I don't think any of us will ever be the same," says Connie Tolbert, who has worked for 15 years as a secretary at Westside Schools in Jonesboro, Ark., site of one of the most disturbing crimes in recent memory. Last March Mitchell Johnson, 13, and Andrew Golden, 11, went to school armed with three rifles, seven handguns and nearly 500 rounds of ammunition. They were angry, it was said, because Mitchell had been spurned by a girl he had a crush on. After Andrew pulled a fire alarm, the pair methodically opened fire as their classmates exited the school. One teacher and four students were killed, and 10 more were wounded. To the nation, it was both a singularly horrific crime and one in a series of student shootings that plagued the 1997-98 school year, something to be simultaneously sickened and puzzled by. To the people of Jonesboro, it was also something one had to live with. "We talk about it all the time." says Tolbert. "We go on, but no one will ever forget." The school is filled with reminders, including a Christmas display of five blue-and-white angels and the presence of a police officer who routinely patrols the hallways.

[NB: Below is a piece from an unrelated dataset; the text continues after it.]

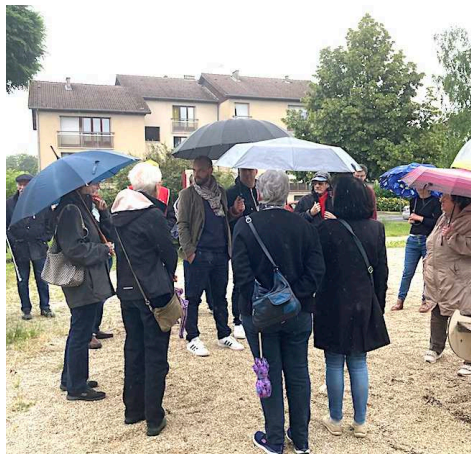
SAMEDI 22 JUIN rencontre au Clos Dormoy avec Benjamin Lambert candidat du Nouveau Front populaire dans la 1ère circonscription de Haute-Marne. Notre syndicat était présent.

La réunion du 27 juin avec la DDT concernant les engagements de Chaumont Habitat pour la résidence Victor Hugo sera détaillée dans notre prochain journal

Mitchell and Andrew are currently in state custody at a youth detention center, having been convicted of the killings in juvenile court. Under Arkansas law, children 13 years and younger cannot be tried as adults; the boys could be free by age 18. Mitchell Wright, the widower of the slain teacher, is pushing the state legislature to change the juvenile-justice code.

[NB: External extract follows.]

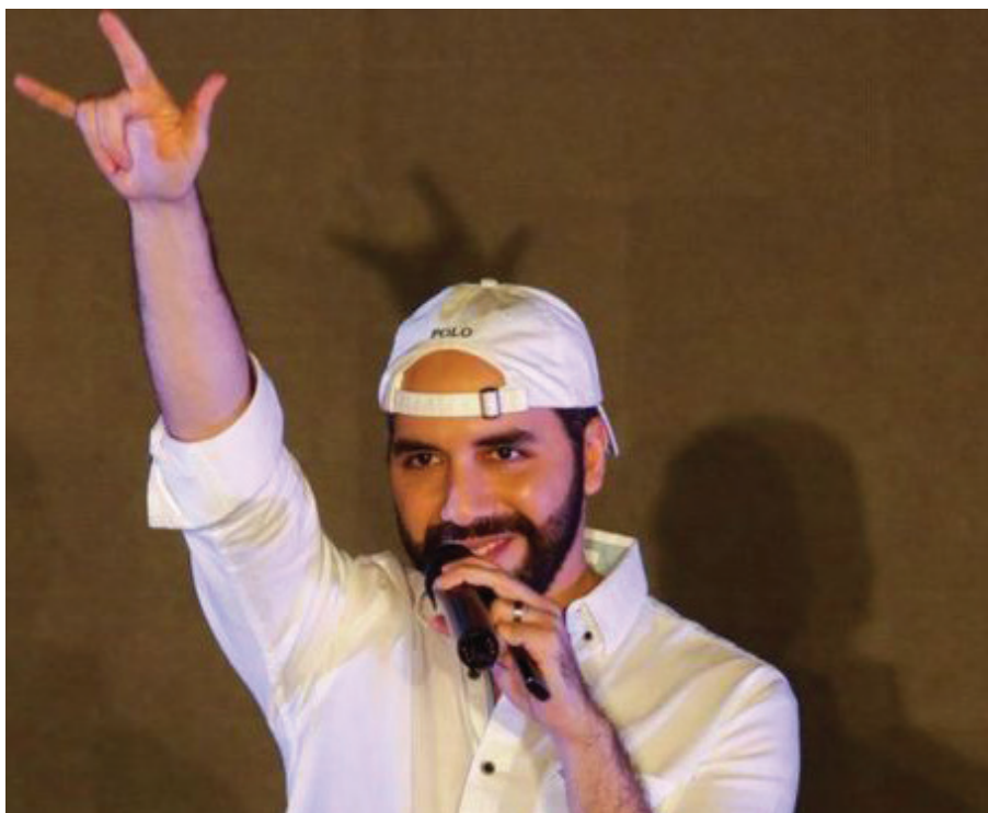
Bukele renunció a su cargo de presidente para hacer campaña electoral con miras a obtener un segundo mandato.

El presidente en licencia de El Salvador, Nayib Bukele, celebró esta semana la subida del precio del bitcoin.

The boys stole their weapons from Andrew's grandfather, Doug Golden. "We feel we were victims too," he says of his family; he believes most people feel the same way. "Every day somebody comes up and says, 'I want to say something and I don't know how.' They don't blame us for what happened." Golden raised his grandson to be a hunter and has no regrets. "In teaching a kid of any age how to hunt," he says, "you are not preparing him to go out and kill people. You're teaching him how a gun is supposed to be used, not abused. It's not an instrument of violence." --Reported by Julie Grace

SEINFELD The Retirement Years

Probably no one since Richard Nixon has got as much attention for quitting as Jerry Seinfeld did when he announced late last year that he was self-canceling his long-running sitcom. After an avalanche of magazine covers (including TIME's) and relentless promotion by NBC, the series finally ended on May 14 with a 75-minute episode that saw Jerry, Elaine, George and Kramer sent off to jail. Though critical reception was mixed, the show was the highest-rated entertainment program of the 1997-98 season (and 37th on the all-time list).